Plaintiff does not allege that a design defect contributed to the accident. Rather, plaintiff apparently claims that the architects are liable under Labor Law § 241, as agents of the owner, for breach of the duty to provide a safe place to work, and under a common-law theory of negligence for improper supervision of the construction work. We conclude that, based upon the pleadings and other papers in the record, Special Term properly granted summary judgment to defendant architects.

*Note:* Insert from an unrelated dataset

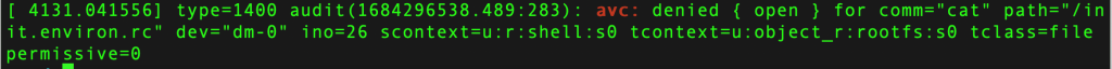 [ 4131.041556] type=1400 audit(1684296538.489:283): avc: denied { open } for comm=“cat” path=“/init.environ.rc” dev=“dm-0” ino=26 scontext=u:r:shell:s0 tcontext=u:object_r:rootfs:s0 tclass=file permissive=0

Labor Law § 241 applies to "contractors and owners and their agents * * * when constructing or demolishing buildings or doing any excavating in connection therewith". The duty to provide "reasonable and adequate protection and safety", established by Labor Law § 241 (6), is owed to persons employed in or lawfully frequenting "areas in which construction, excavation or demolition work is being performed " (emphasis supplied). While this statute "is to be liberally construed to protect workers engaged in hazardous occupations, it may not be so implemented by decisional law as to establish a cause of action and right of recovery not contemplated by the Legislature" (Sprague v. Louis...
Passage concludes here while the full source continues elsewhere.